Hear from Matt Hougan and more than 120 speakers at Inside ETFs 2017, which runs Jan. 22-25 in Hollywood, FL. See the agenda and register here now for the world’s largest ETF conference.

It’s that time of year when I start combing through the agenda for the upcoming Inside ETFs conference to figure out which panels and presentations I want to make sure I don’t miss. Today I noticed a dedicated panel on gold and silver investing, and I scratched my head a bit.

Gold? Seriously?

If there’s one asset class that’s been hammered by the Trump election, it’s gold. As I write this, gold has declined 10.5% nearly in a straight line. On the surface, this is just simple risk-on selling—the S&P 500 is up over 6% in the same period, and all that equity-chasing money had to come from somewhere.

But what about gold’s traditional roles as inflation hedge, reserve currency, safety asset and counter-correlated diversifier?

I’m fascinated by gold because it’s the only important financial asset in the world that’s basically fictitious. It’s a pure commodity of psychology. It has worth because everyone says it does, and its relative value versus other things is only based on belief.

In that way, it’s much like technical analysis. There’s no more magic to a line on a chart than there is to an ounce of the yellow metal, and yet both are important and meaningful precisely because enough people believe they’re meaningful.

The Correlation Factor

There are a few ways I generally look at how investors are feeling about gold beyond just the simple “they sold it so it’s down” analysis.
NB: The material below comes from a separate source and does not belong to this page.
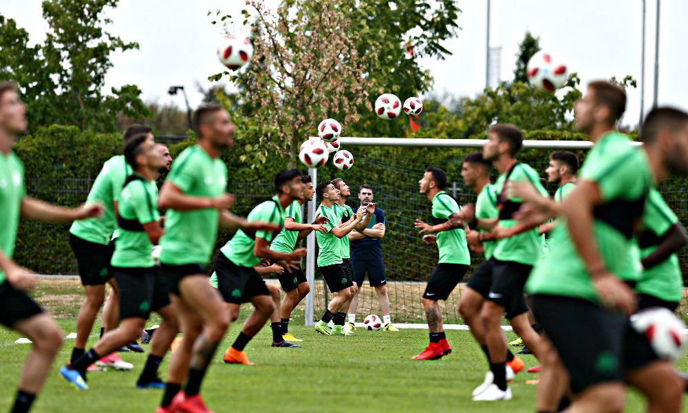 Κατά βάση η πρωινή προπόνηση του «τριφυλλιού» είχε τον χαρακτήρα της αποκατάστασης. Πολλές οι ασκήσεις με την μπάλα και παιχνίδι σε μικρούς χώρους. Οι παίκτες χωρίστηκαν σε τρία γκρουπ των 8 παικτών το καθένα και ανά δύο γκρουπ, έπαιξαν διπλό στο μισό γήπεδο.

The first is correlations. For many investors, including a small slug of gold in a portfolio is a way to have a hedge for bad times. But that’s only helpful if in fact gold moves the opposite direction of other major asset classes. So how’s that working out?

 

 

The top line here is the price of the SPDR Gold Trust (GLD); the bottom line is the 40-day rolling correlation to the S&P 500. The good news for the correlation story is that other than a little blip this fall, for the most part, gold has remained a counter-correlated asset, more so in the past few years than during the big bull-run on gold since the financial crisis. So that’s one positive for the gold investment case.